Наша партия два-три раза в год мобилизует высокий процент своих членов на фронт. На протяжении 8 тысяч верст они умирают и учат умирать других. И когда в голодной и холодной Москве, отдавшей цвет своих рабочих фронту, объявляется партийная неделя, из пролетарской массы вливается в наши ряды в течение 7 дней 15 тысяч человек. И в какой момент? Когда опасность гибели Советской власти достигла наивысшей остроты, в момент, когда был взят Орел и Деникин приближался к Туле и Москве, Юденич угрожал Петербургу, в этот тягчайший период московский пролетариат в течение недели дал в ряды нашей партии 15 тысяч человек, которых ждали новые мобилизации на фронт. И можно сказать с уверенностью, что никогда еще, за исключением, может быть, только недели ноябрьского восстания 1917 года, московский пролетариат не был так единодушен в своем революционном подъеме и в своей готовности к самоотверженной борьбе, как в эти тягчайшие дни опасности и жертв.
Когда наша партия выдвинула лозунг субботников и воскресников, революционный идеализм пролетариата нашел себе яркое выражение в форме трудового добровольчества. Сперва десятки и сотни, затем тысячи, теперь десятки и сотни тысяч рабочих безвозмездно отдают каждую неделю несколько часов своего труда для хозяйственного возрождения страны. И это делают полуголодные люди, в рваных сапогах, в грязном белье, – потому что в стране нет ни обуви, ни мыла. Таков на деле тот большевистский пролетариат, которому Каутский прописывает курс самоотвержения. Факты и их отношения предстанут пред нами еще выпуклее, если мы тут же напомним, что все эгоистические, мещанские, грубо-корыстные элементы пролетариата, – все те, что уклоняются от фронта, от субботников, занимаются мешечничеством и подбивают рабочих в голодные недели на стачки, – все они голосуют на советских выборах за меньшевиков, то есть за русских каутскианцев.
Каутский приводит наши слова о том, что мы и до ноябрьской революции отдавали себе ясный отчет в недостатках воспитания русского пролетариата, но, признавая неизбежность перехода власти к рабочему классу, мы считали себя в праве надеяться на то, что в самой борьбе, на ее опыте, и при все возрастающей поддержке пролетариата других стран, совладаем с трудностями и обеспечим переход России к социалистическому строю. По этому поводу Каутский вопрошает: «Отважится ли Троцкий сесть на локомотив и привести его в движение в уверенности, что он уже на ходу все изучит и организует?

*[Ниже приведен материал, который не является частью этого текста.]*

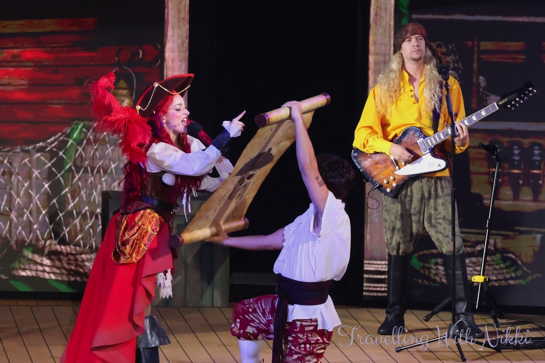 Sir Locksley then introduced Captain Redd who sang We’re Not Gonna Take It by Twisted Sister before telling everyone that she had won the ship from Captain Jack Sparrow. However whilst looking below deck, she found a scroll hidden inside a bottle (but it was not a rum bottle as Jack would have found that himself) which talked about a sparkling treasure and said:

Нужно заранее приобрести качества для управления локомотивом, прежде чем решиться привести его в движение. Так и пролетариат должен был заранее приобрести необходимые качества, делающие его способным к руководству промышленностью, раз он должен был перенять его» (стр. 117).
Это поучительное сравнение сделало бы честь любому сельскому пастору. Тем не менее оно глупо. С несравненно большим основанием можно было бы сказать: отважится ли Каутский сесть верхом на лошадь, прежде чем он не научится твердо сидеть в седле и управлять четвероногим при всех аллюрах? Мы имеем основания думать, что Каутский не решился бы на такой опасный, чисто большевистский эксперимент. С другой стороны, мы опасаемся и того, что, не рискуя сесть на лошадь, Каутский был бы в затруднительном положении по части изучения тайн верховой езды. Ибо основной большевистский предрассудок состоит именно в том, что научиться ездить верхом можно только сидя на лошади.
Относительно управления локомотивом это на первый взгляд не так очевидно, но не менее верно. Никто еще не научился управлять локомотивом, оставаясь в своем кабинете. Нужно взобраться на паровоз, встать в будку, взять в руки регулятор, повернуть его. Правда, паровоз допускает учебные маневры под руководством старого машиниста. Лошадь допускает обучение в манеже под руководством опытных наездников. Но в области государственного управления таких искусственных условий создать нельзя. Буржуазия не строит для пролетариата академий управления государством и не предоставляет ему для временных опытов государственный рычаг. Да и верховой езде рабочие и крестьяне обучаются не в манеже и без содействия берейторов.